(EXERCISE GOAL)
Set down each entry below exactly as written, keeping the pictures out.

(AVAILABLE DATA)
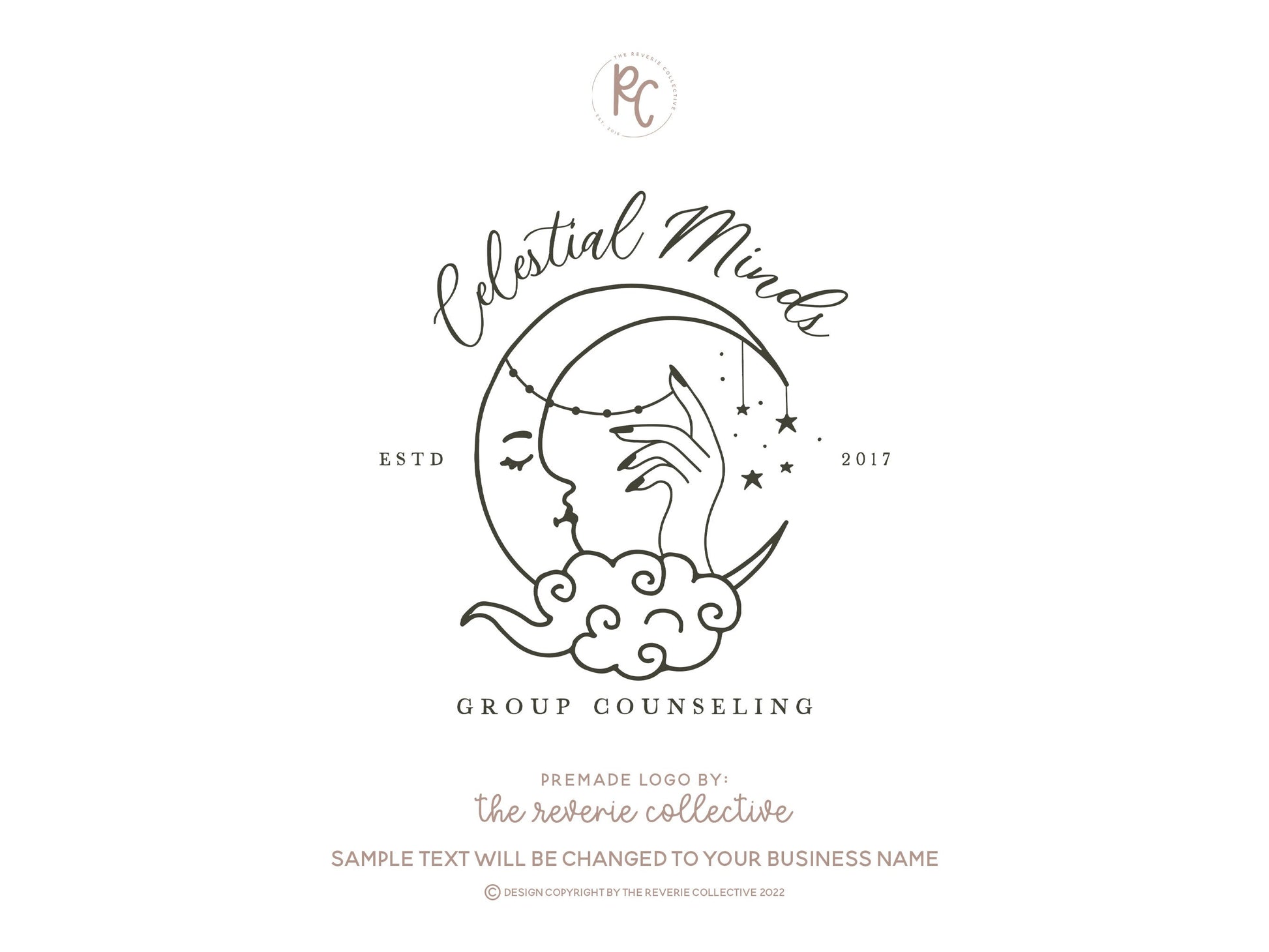 Celestial Minds | Premade Logo Design | Crescent Moon, Modern Boho, Line Art
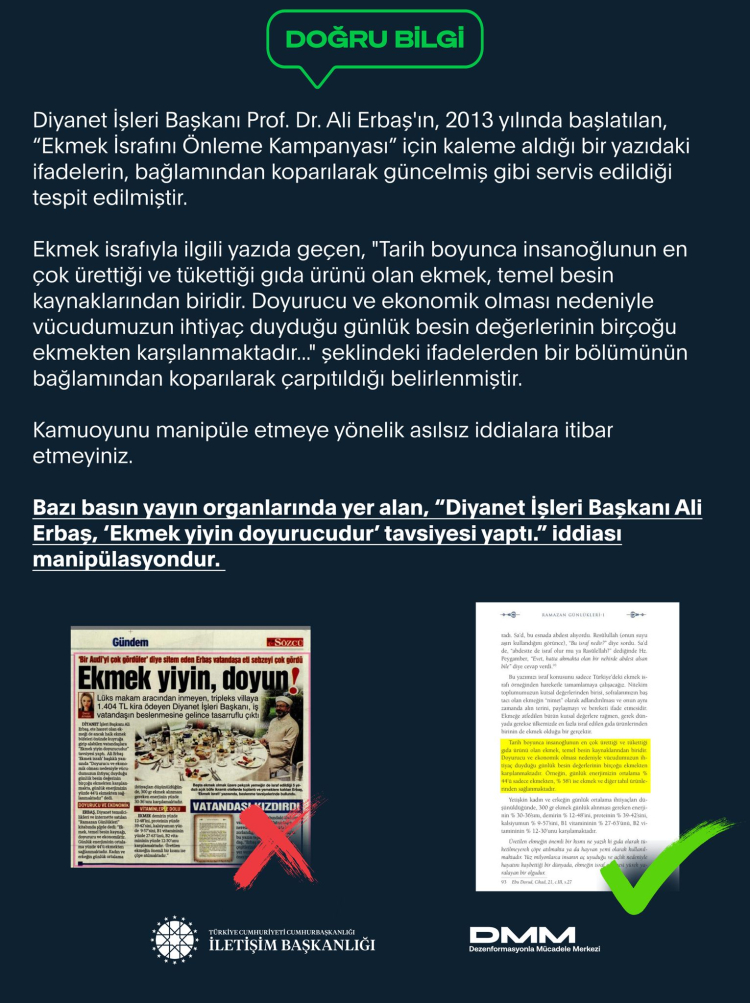 Dezenformasyonla Mücadele Merkezi tarafından yapılan açıklamada, “Diyanet İşleri Başkanı Prof. Dr. Ali Erbaş’ın, 2013 yılında başlatılan, “Ekmek İsrafını Önleme Kampanyası” için kaleme aldığı bir yazıdaki ifadelerin, bağlamından koparılarak güncelmiş gibi servis edildiği tespit edilmiştir. Ekmek israfıyla ilgili yazıda geçen, “Tarih boyunca insanoğlunun en çok ürettiği ve tükettiği gıda ürünü olan ekmek, temel besin kaynaklarından biridir. Doyurucu ve ekonomik olması nedeniyle vücudumuzun ihtiyaç duyduğu günlük besin değerlerinin birçoğu ekmekten karşılanmaktadır…” şeklindeki ifadelerden bir bölümünün bağlamından koparılarak çarpıtıldığı belirlenmiştir. Kamuoyunu manipüle etmeye yönelik asılsız iddialara itibar etmeyiniz” ifadeleri yer aldı.
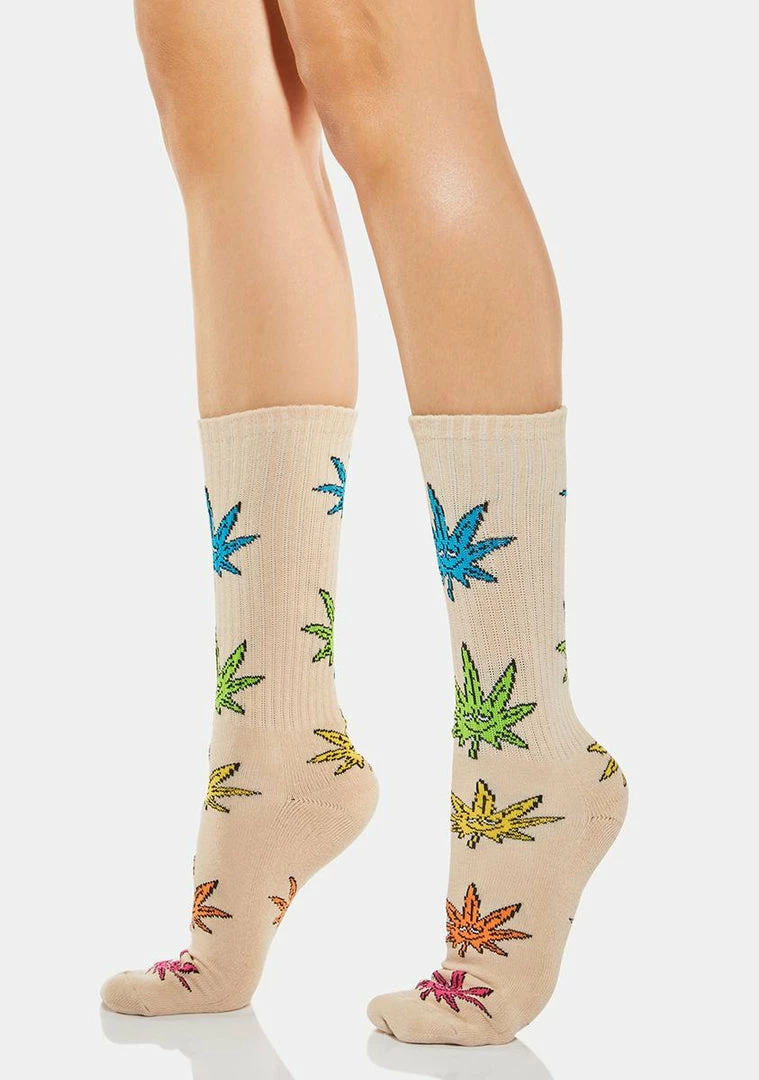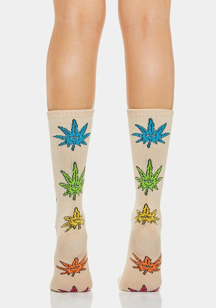 cuz I need a little help from my friends. These crew socks have a ribbed construction, cushioned footbeds, and a repeating rainbow weed leaf graphic.
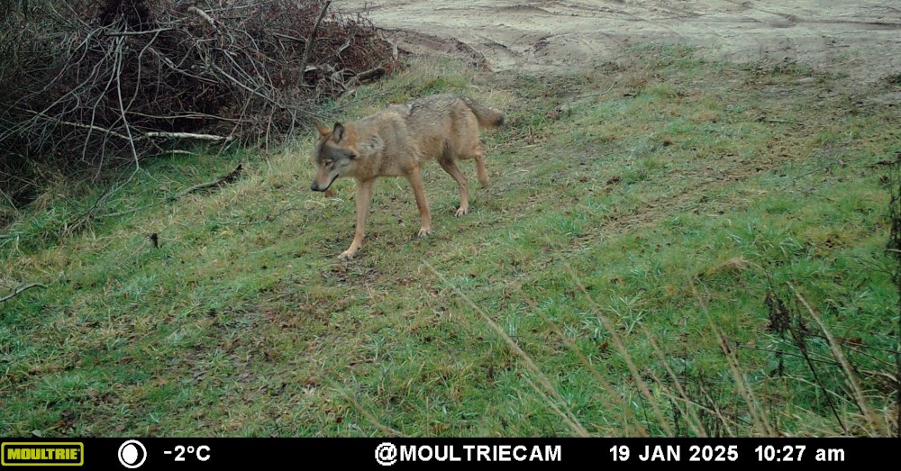 - Op 28 februari 2025 werd door verschillende mensen een wolf op doortocht gefotografeerd of gefilmd in de Antwerpse gemeentes Westerlo, Geel en Laakdal, en de aanpalende Limburgse gemeente Tessenderlo-Ham. Deze wolf bevond zich op een bepaald moment tussen de E313 en het Albertkanaal, maar stak uiteindelijk het Albertkanaal over op de N110, aan de ‘sluis van Kwaadmechelen’. Van deze wolf hebben we geen DNA, we hebben dan ook geen zicht op zijn herkomst of het verdere verloop van zijn zwerftocht.
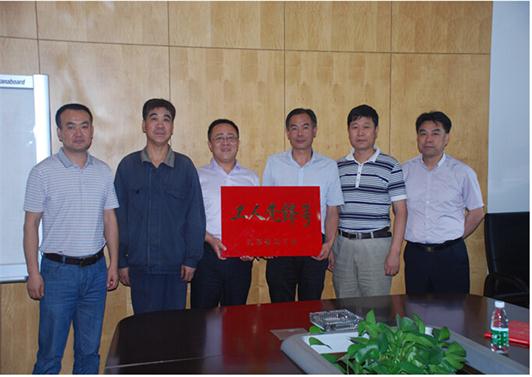 日上午,镇江市总工会吴科、张彦副主席一行到我公司对我公司工会工作进行了调研,并为获得“江苏省工人先锋号”称号的碳素车间进行了授牌。
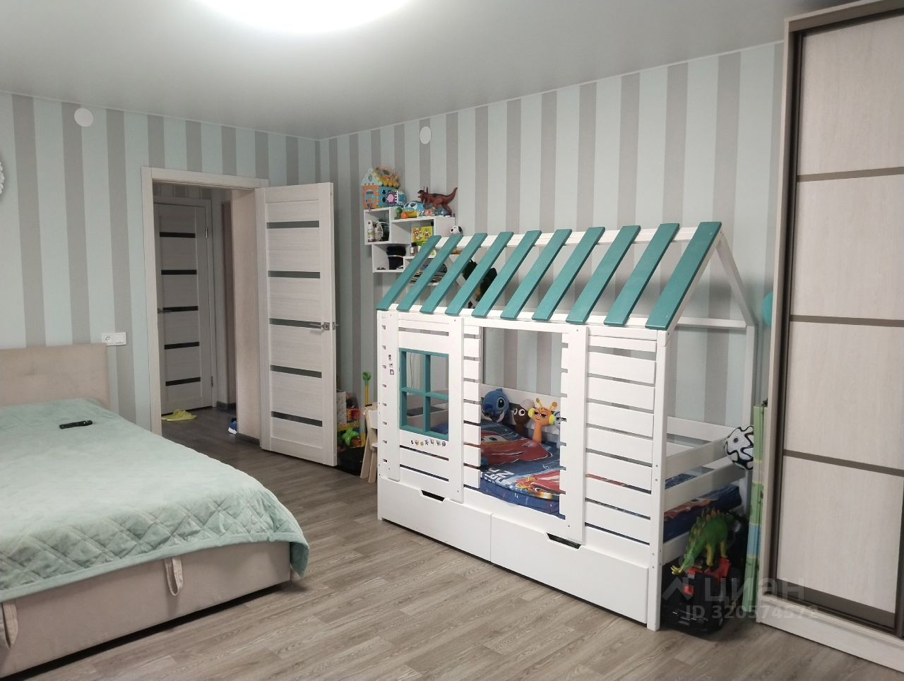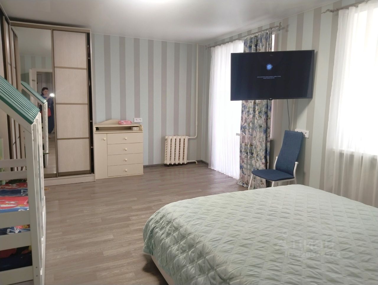 Выполнен современный качественный ремонт во всей квартире. Дополнительно есть гардеробная комната.

(RESULT OF THIS TASK)
 Celestial Minds | Premade Logo Design | Crescent Moon, Modern Boho, Line Art
 Dezenformasyonla Mücadele Merkezi tarafından yapılan açıklamada, “Diyanet İşleri Başkanı Prof. Dr. Ali Erbaş’ın, 2013 yılında başlatılan, “Ekmek İsrafını Önleme Kampanyası” için kaleme aldığı bir yazıdaki ifadelerin, bağlamından koparılarak güncelmiş gibi servis edildiği tespit edilmiştir. Ekmek israfıyla ilgili yazıda geçen, “Tarih boyunca insanoğlunun en çok ürettiği ve tükettiği gıda ürünü olan ekmek, temel besin kaynaklarından biridir. Doyurucu ve ekonomik olması nedeniyle vücudumuzun ihtiyaç duyduğu günlük besin değerlerinin birçoğu ekmekten karşılanmaktadır…” şeklindeki ifadelerden bir bölümünün bağlamından koparılarak çarpıtıldığı belirlenmiştir. Kamuoyunu manipüle etmeye yönelik asılsız iddialara itibar etmeyiniz” ifadeleri yer aldı.
 cuz I need a little help from my friends. These crew socks have a ribbed construction, cushioned footbeds, and a repeating rainbow weed leaf graphic.
 - Op 28 februari 2025 werd door verschillende mensen een wolf op doortocht gefotografeerd of gefilmd in de Antwerpse gemeentes Westerlo, Geel en Laakdal, en de aanpalende Limburgse gemeente Tessenderlo-Ham. Deze wolf bevond zich op een bepaald moment tussen de E313 en het Albertkanaal, maar stak uiteindelijk het Albertkanaal over op de N110, aan de ‘sluis van Kwaadmechelen’. Van deze wolf hebben we geen DNA, we hebben dan ook geen zicht op zijn herkomst of het verdere verloop van zijn zwerftocht.
 日上午,镇江市总工会吴科、张彦副主席一行到我公司对我公司工会工作进行了调研,并为获得“江苏省工人先锋号”称号的碳素车间进行了授牌。
 Выполнен современный качественный ремонт во всей квартире. Дополнительно есть гардеробная комната.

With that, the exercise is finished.